Mountain farming. Contamination. Heavy metals.

Abstract

Vegetable cultivation stands out for intensive use of agricultural inputs due to high nutritional requirements of plants within a short period and their high susceptibility to pests and diseases. This study aimed to identify the main factors responsible for changes in pseudo-total and bioavailable contents of Cd, Cu, Cr, Mn, Ni, Pb, and Zn in soils under intensive vegetable cultivation.

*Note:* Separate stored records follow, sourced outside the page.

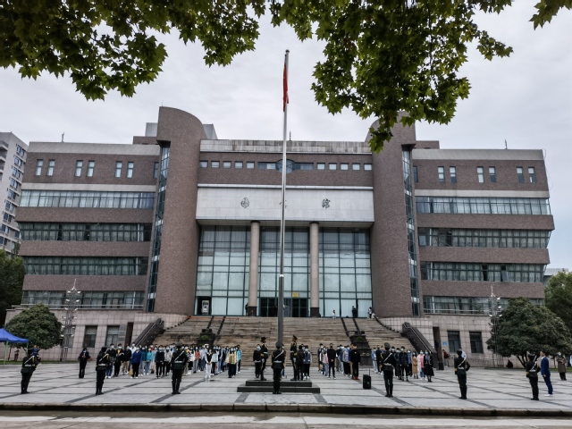 10月11日清晨,学校分别在科学校区主教楼广场、东风校区图书馆广场举行学生返校第一周升国旗主题教育,两校区300余名师生代表参加了此次活动。
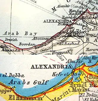 The Arab's Gulf, also known as the Arab Gulf or Arab Bay (all translating the Arabic name Khalij el-Arab, خليج العرب), is a large bay to the west of Alexandria in Egypt. It is not to be confused with the "Arabian Gulf" (a historic name for the Red Sea) or the Arabian Sea.
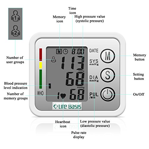-. Title : LifeBasis Basic Handgelenk Blutdruckmessgerät LCD Blutdruck Messgerät , 2 Benutzer Modi
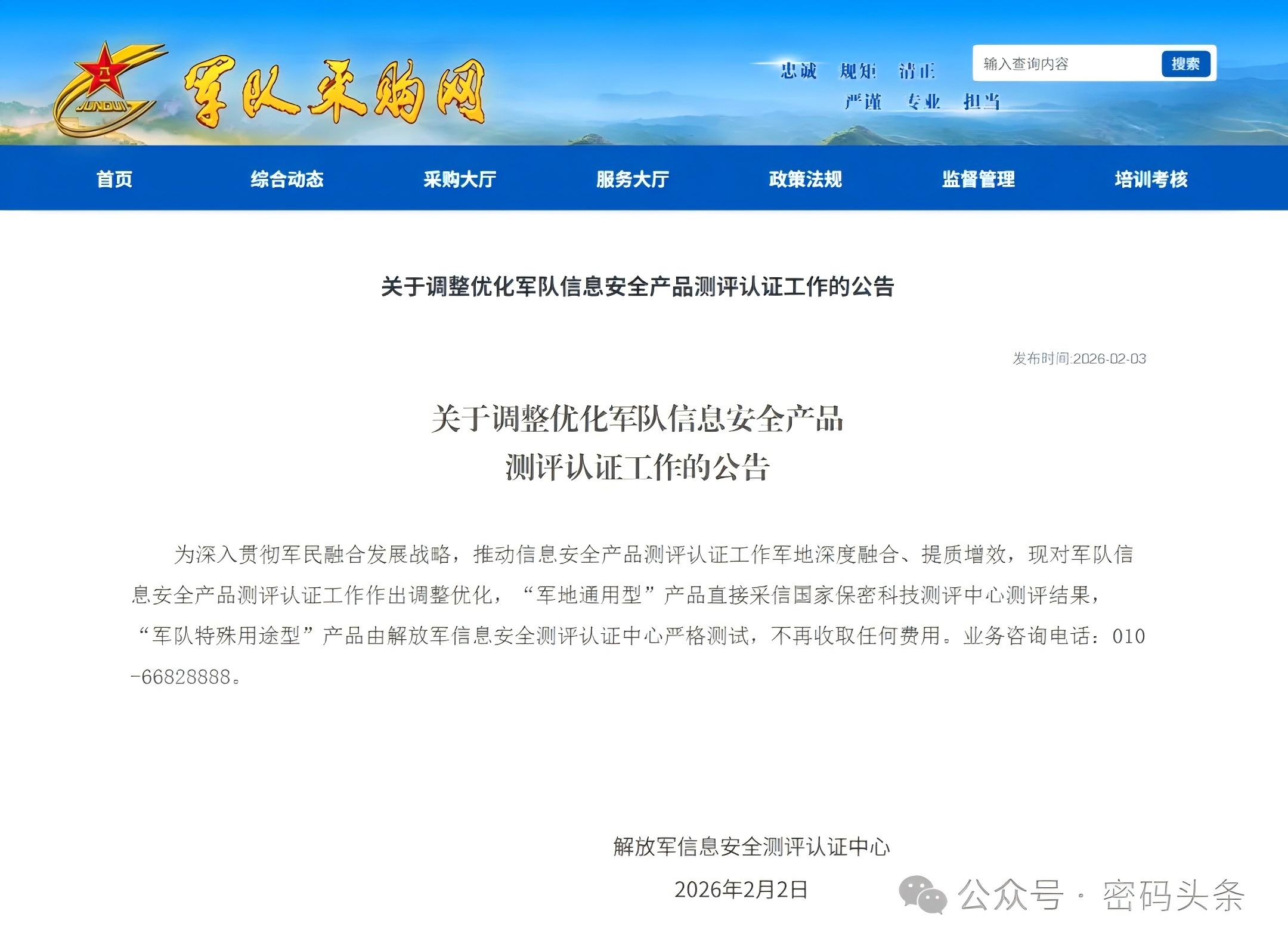 2026年2月3日,军队采购网发文,为深入贯彻军民融合发展战略,推动信息安全产品测评认证工作军地深度融合、提质增效,现对军队信息安全产品测评认证工作作出调整优化,“军地通用型”产品直接采信国家保密科技测评中心测评结果,“军队特殊用途型”产品由解放军信息安全测评认证中心严格测试,不再收取任何费用。
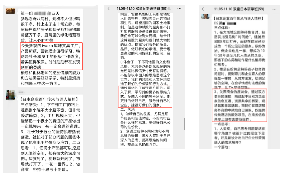 研學(xué)班學(xué)員在社長(cháng)講解下,詳細參觀(guān)了整個(gè)酒造場(chǎng)的生產(chǎn)過(guò)程。跟著(zhù)社長(cháng)“逛”了一圈兒,大家早就被酒香“陶醉了”,已經(jīng)忍不住要體驗一下了~從生產(chǎn)車(chē)間出來(lái),大家又被酒造場(chǎng)戶(hù)外的綠色深深吸引,整個(gè)酒造場(chǎng)宛若建在叢林深處,清新、宜人,精妙的綠色環(huán)保型廠(chǎng)區讓學(xué)員們紛紛化身“好奇寶寶”,迫不及待地邀請社長(cháng)答疑~為了能夠讓大家勞逸結合,每次學(xué)習都能以最佳的學(xué)習狀態(tài),在整個(gè)研學(xué)路線(xiàn)中,也穿插了不同的景點(diǎn),感受日式商業(yè)中心,東京最古老的淺草寺,走進(jìn)日本知名TOP級頂尖高校東京大學(xué)……除了走進(jìn)景區,研學(xué)班還走進(jìn)東京最高學(xué)府——東京大學(xué)課堂,理論+實(shí)踐,企業(yè)才能走得更長(cháng)遠,實(shí)地走訪(fǎng)了多加企業(yè)之后,研學(xué)班學(xué)員在行程最后一站安排到了東京大學(xué)!由東京大學(xué)教授親自為學(xué)員們授課,讓大家通過(guò)另一個(gè)維度的學(xué)習賦能企業(yè)成長(cháng)!東京大學(xué)教授就《日本的商業(yè)零售及其特點(diǎn)》,為來(lái)訪(fǎng)者進(jìn)行授課~大家在本期日本游學(xué)最后一站點(diǎn)-東京大學(xué)合影通過(guò)本次日本企業(yè)游學(xué)之旅,很多學(xué)員都深受啟發(fā),加之樓仲平和祖林老師幫助學(xué)員們理清思路。在貫穿研學(xué)全程的巴士課堂上大家暢所欲言,分享所見(jiàn)所得所想。無(wú)論是從巴士課堂上的分享發(fā)言、還是從形成文字感悟來(lái)看,都能看出來(lái)大家收獲滿(mǎn)滿(mǎn)!結束當天的企業(yè)參訪(fǎng)后,研學(xué)班所有學(xué)員都能做到及時(shí)復盤(pán)!行在路上,學(xué)在心里!
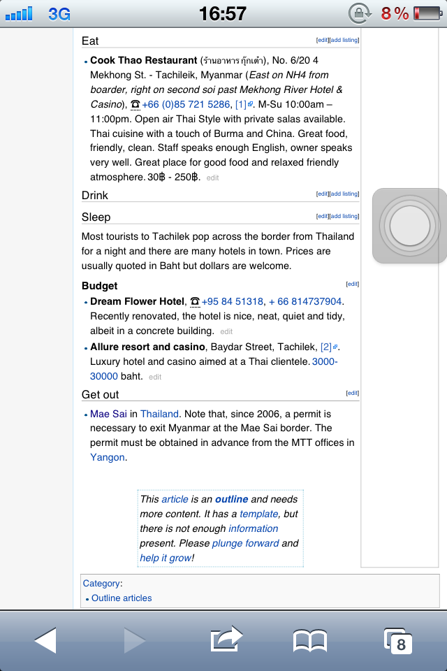 I kept walking but there wasn’t even any hotels I could see. I had a backup in case I wouldn’t find a place to stay, which was a screenshot of WikiTravel’s Tachileik page:
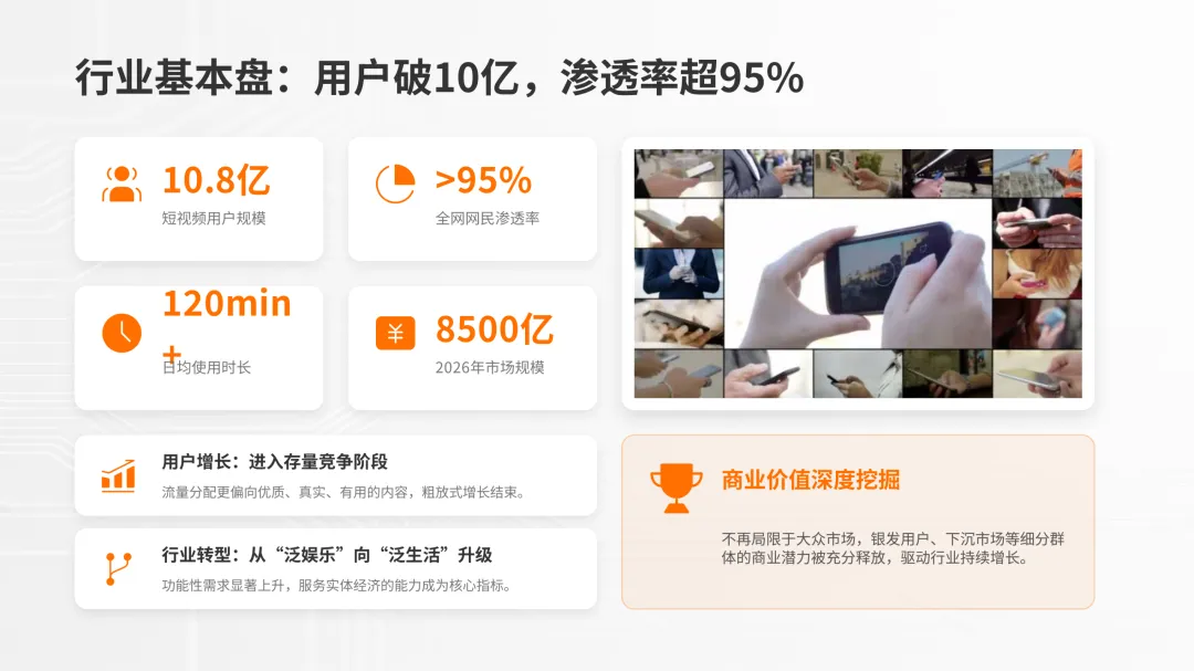 本报告基于2026年最新行业数据,全面分析中国短视频行业的发展阶段、现状特征及全球发展趋势 数据来源:CNNIC、QuestMobile、易观千帆、北京研精毕智等机构发布的2025-2026年行业报告。
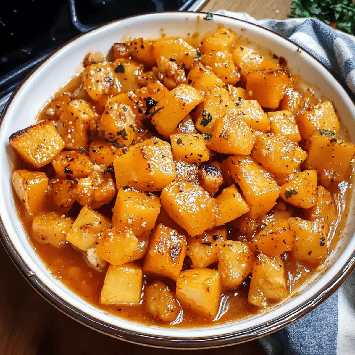 - Glaze & Caramelize: Remove the pan, drizzle glaze over squash, toss gently to coat. Return to oven 5 more minutes until sticky and beautifully caramelized.
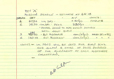 Handwritten notes on the burns required to get the crew home, timed to around this hour by the document.

Soil samples were collected from 146 sites in Petrópolis (RJ), Brazil, in 2017. The samples were collected at a depth of 0–20 cm in family farm systems during vegetable production period. Pseudo-total contents of toxic elements were determined by the EPA 3050B method. Geochemical fractionation procedure was used based on the BCR method. Pollution indices were also calculated. In general, vegetable producing areas presented low contamination by Cu, Zn, Pb, Mn, and Ni, except for Cd, which showed severe contamination. In areas with the lowest slopes, most of the toxic elements showed increasing contents, reflecting relief influence. Overall, inadequate soil management, intensive application of phosphate, potassium, and organic fertilization, and relief were the most influencing parameters on the enrichment and bioavailability of toxic elements in the soil.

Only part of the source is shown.